I'd go further and say people advocating for such things in the cold light of day are somehow even worse than the scum who perpetrate them.

Yet, it's important to divert our attention to WW2? Why..?

It's not. Not if you see WW2 as the point. The same point could be made using Bosnia if the timing works better for you.
 

sooda

Veteran Member
I'm curious as to your authority for this statement, as my own searching seems to suggest, first, that it's hardly settled, and second, that it's extremely unlikely that Aisha was that old. At least, that seems to be the consensus as far as I'm able to determine, but perhaps I don't have as much research time as you.

Aisha was engaged (promised) to another man before she was released to marry Muhammed.

Historically, Arabs NEVER married girls who had not reached puberty which comes late on the Arabian peninsula because of poor diet. Marrying girls off before the menses was established put her life in danger.

You can also date Aisha's age from the age of her sister.
 

Evangelicalhumanist

"Truth" isn't a thing...
Premium Member
Aisha was engaged (promised) to another man before she was released to marry Muhammed.

Historically, Arabs NEVER married girls who had not reached puberty which comes late on the Arabian peninsula because of poor diet. Marrying girls off before the menses was established put her life in danger.

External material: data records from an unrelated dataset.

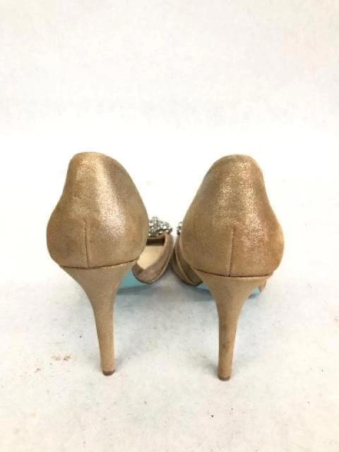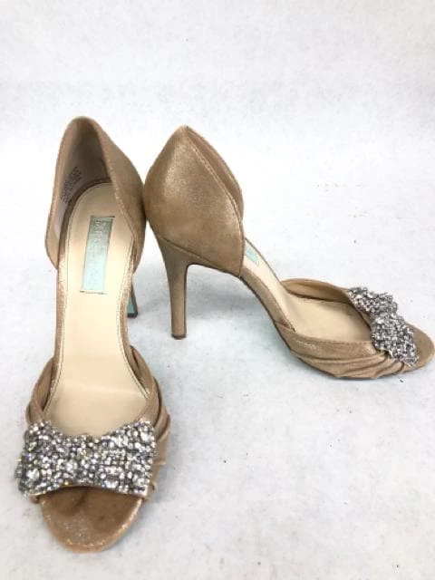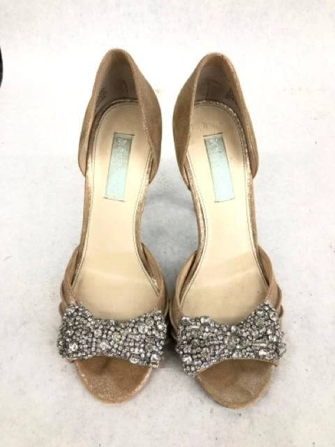 Betsey Johnson Women Heels Champagne w/ rhinestone bow Size 8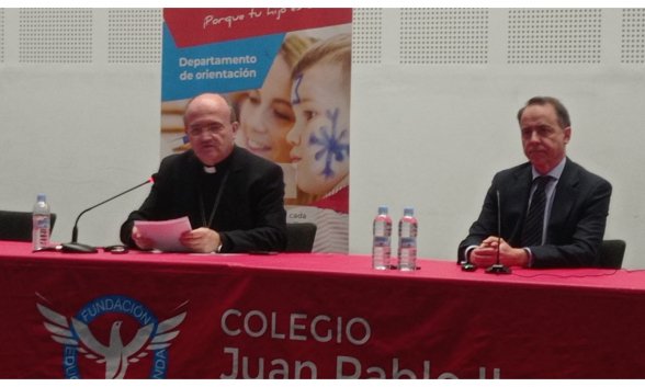 En Hispanidad hemos hablado mucho de Monseñor José Ignacio Munilla, por sus mensajes sobre el aborto, la maternidad, la legalización de la ofensa a los sentimientos religiosos o la eutanasia. Precisamente, de "La respuesta de la Iglesia frente a la cultura de la muerte" charlaba el obispo de Orihuela-Alicante ante un auditorio completo, en el Colegio Juan Pablo II, de la fundación Educativo Servanda, en Parla (Madrid).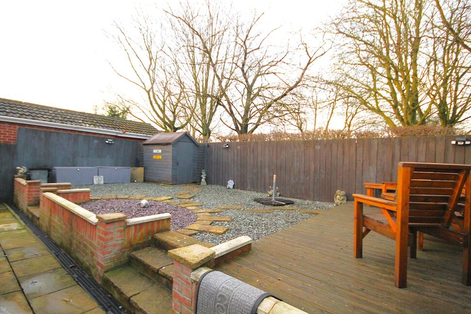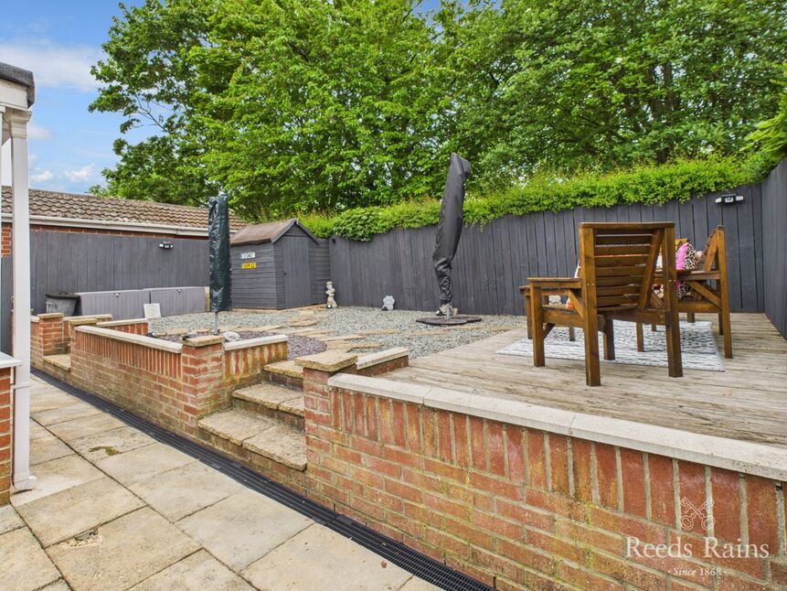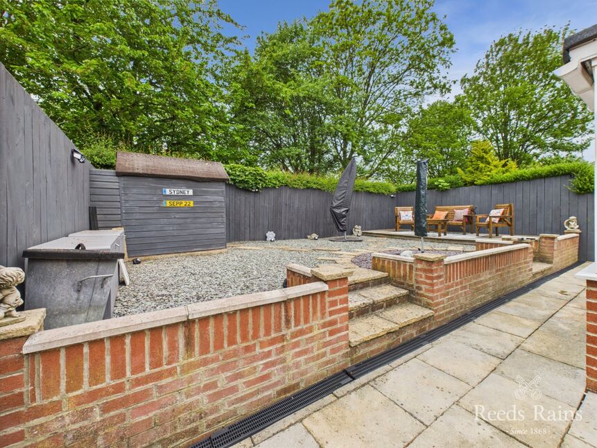 The front garden is open-plan with low-maintenance slate chippings and an imprinted driveway providing off-road parking and access to a storage area with a roller-door garage. Gated side access leads to the private rear garden, featuring a paved patio for alfresco dining, a garden shed, and a decking area. With no overlooking, this outdoor space offers complete privacy.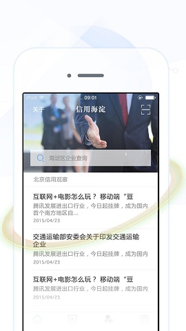 此外,该APP还推送海淀信用观察资讯信息,并有名片保存功能,可轻松将信息收藏与分享。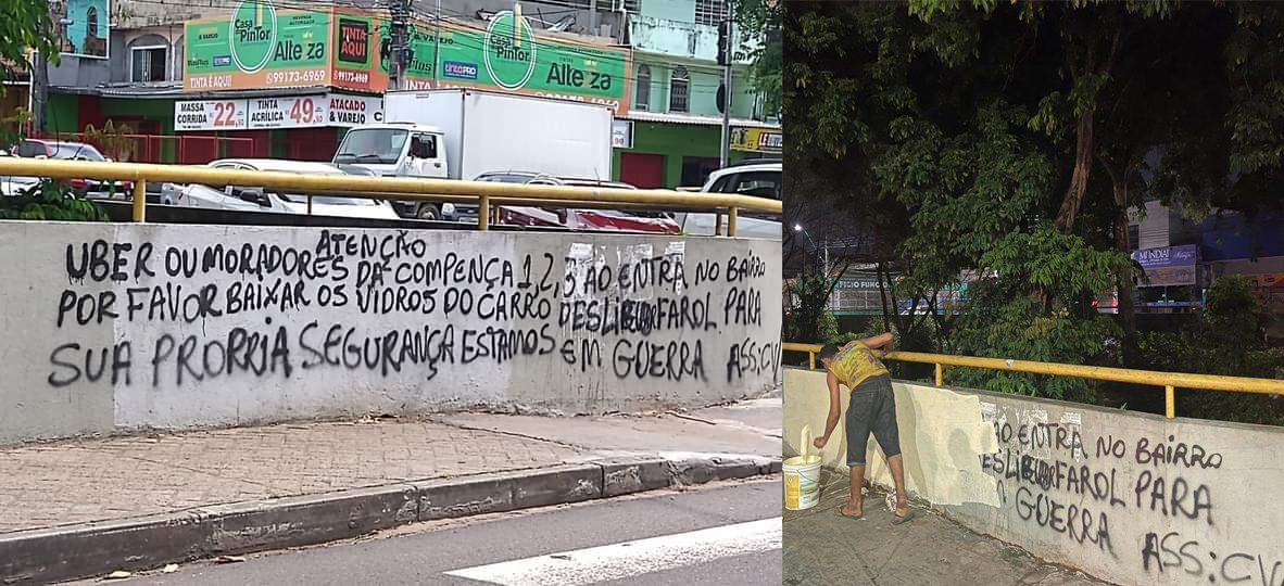 “Atenção: Uber ou moradores da Compensa 1, 2 e 3, ao entrar no bairro, por favor, baixar os vidros do carro e desligar o farol (sic), para a sua própria segurança, estamos em guerra”, dizia o recado emitido pelos criminosos.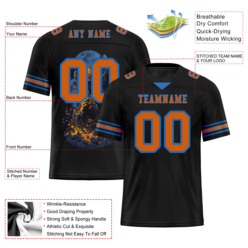 Custom Black Skull Fashion Brown Personalized Authentic Football Jersey FBJ02-bc0fbab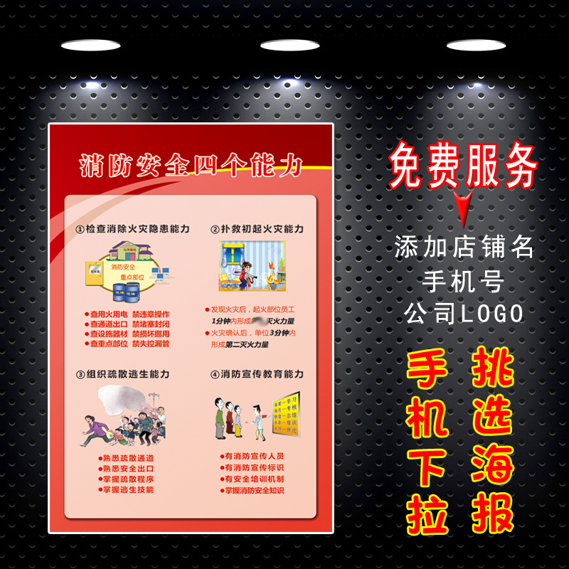 Fire Safety Knowledge Fire Safety Notice Escape Method Poster figure Four abilities to build ten cha ten Forbidden Propaganda Card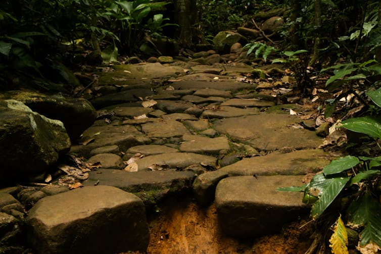 Uma das evidências mais claras são as trilhas e caminhos antigos utilizados para escoar os diversos produtos do maciço, como lenha, carvão e café. Alguns desses caminhos possuem ainda trechos calçados de pedra, como nas famosas trilhas da Pedra da Gávea, Pedra Bonita e Transcarioca.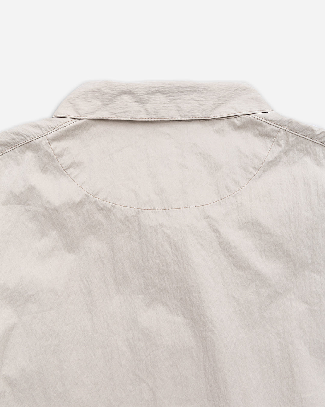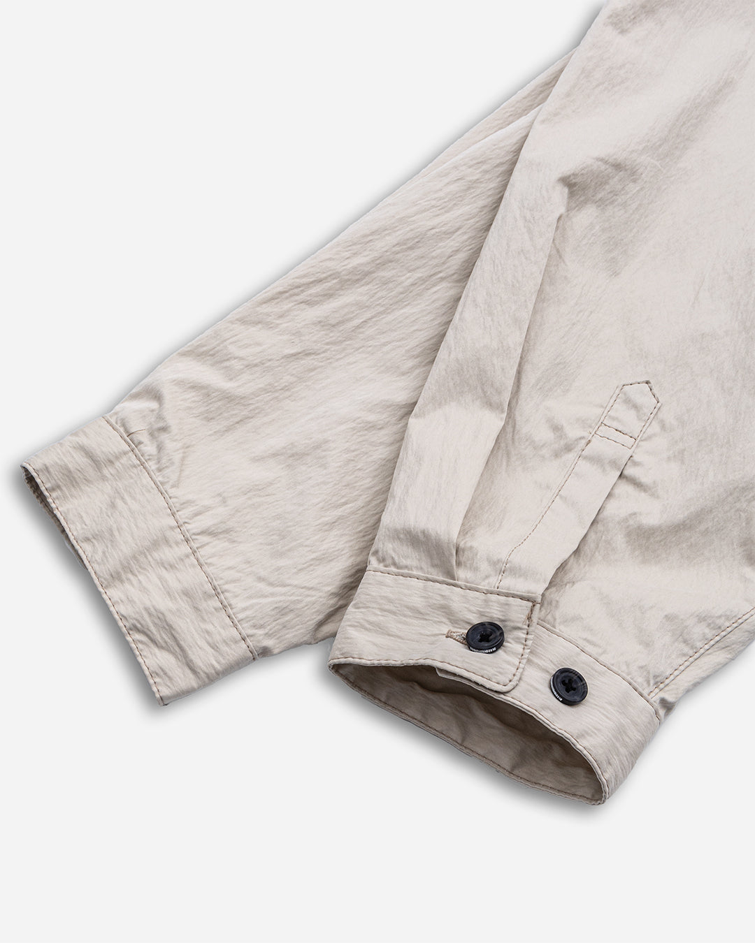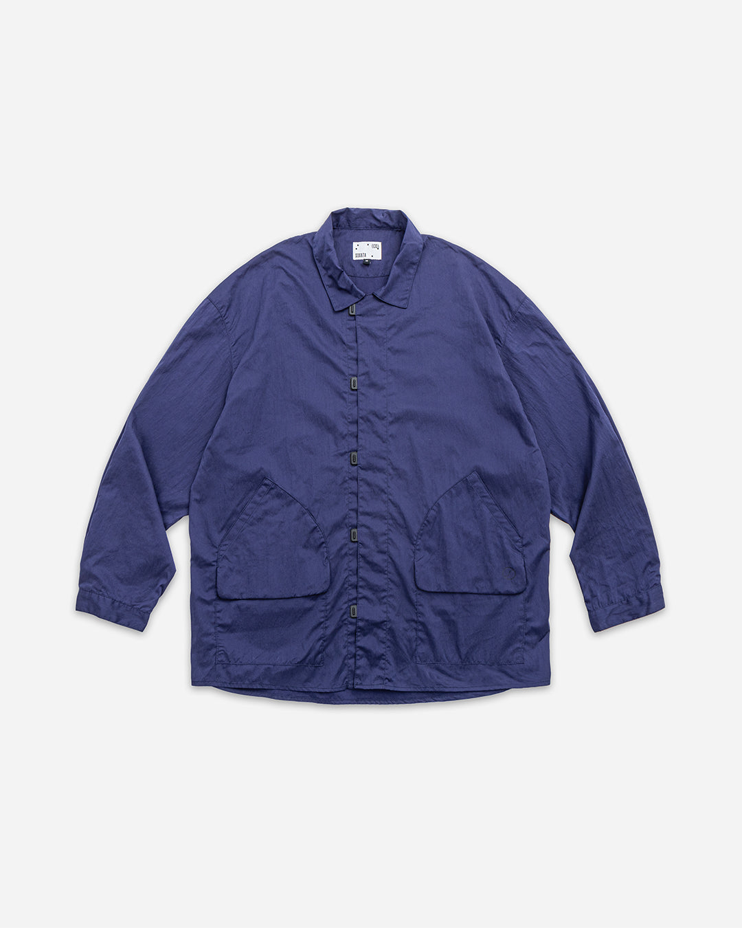 T/C素材のハイブリッドオーバーシャツ。程よいハリ感と柔らかさを兼ね備えた素材で、春先や秋口の軽アウターとして最適です。特殊なスナップボタンを採用しており、開閉がスムーズでスタイリングのアクセントにもなる一着です。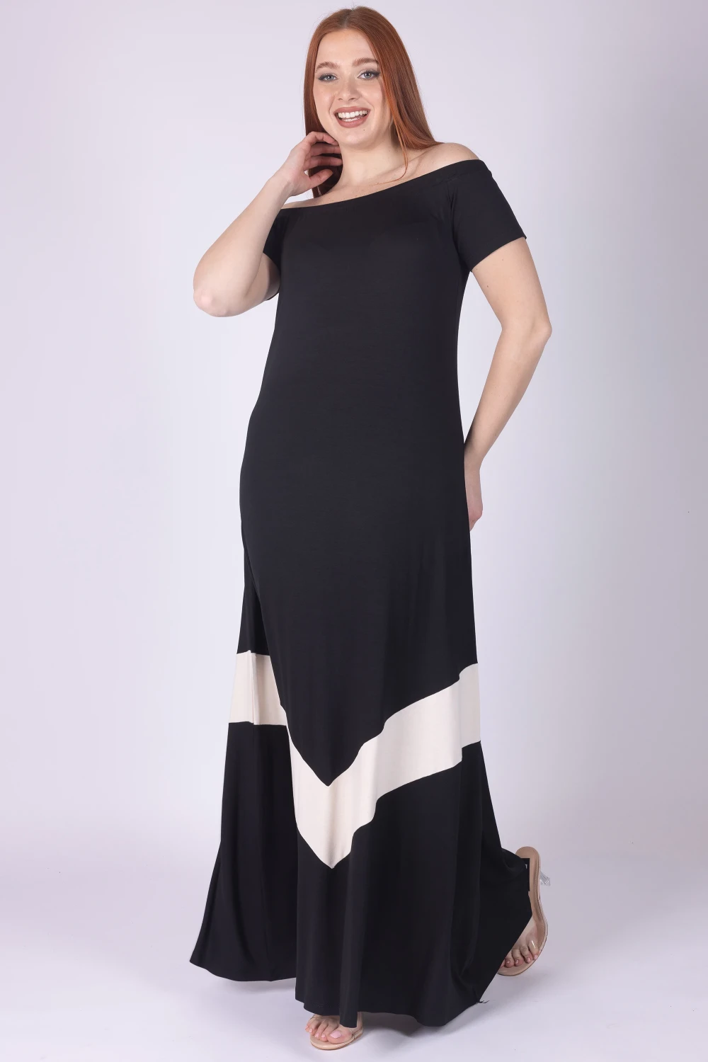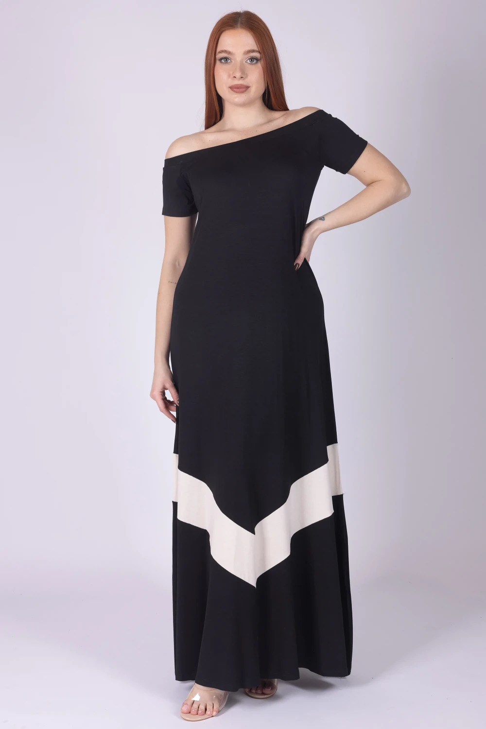 Abito con scollo chiffer, caratterizzato da motivo geometrico bicolore che dona al capo un effetto grafico moderno e originale.

You can also date Aisha's age from the age of her sister.
I'm sorry that you declined to provide any references for your authority, which is what I asked for. I can certainly find references from multiple sources that suggest a much earlier age, including: Al-Tabari says she was nine at the time of marriage, which was consummated a year later. Sahih al-Bukhari's hadith says "that the Prophet married her when she was six years old and he consummated his marriage when she was nine years old;" other sources differ on the age of marriage, but agree that the marriage was not consummated at the time of the marriage contract.

So what sources do you cite, and how do you show that they are right and the others wrong?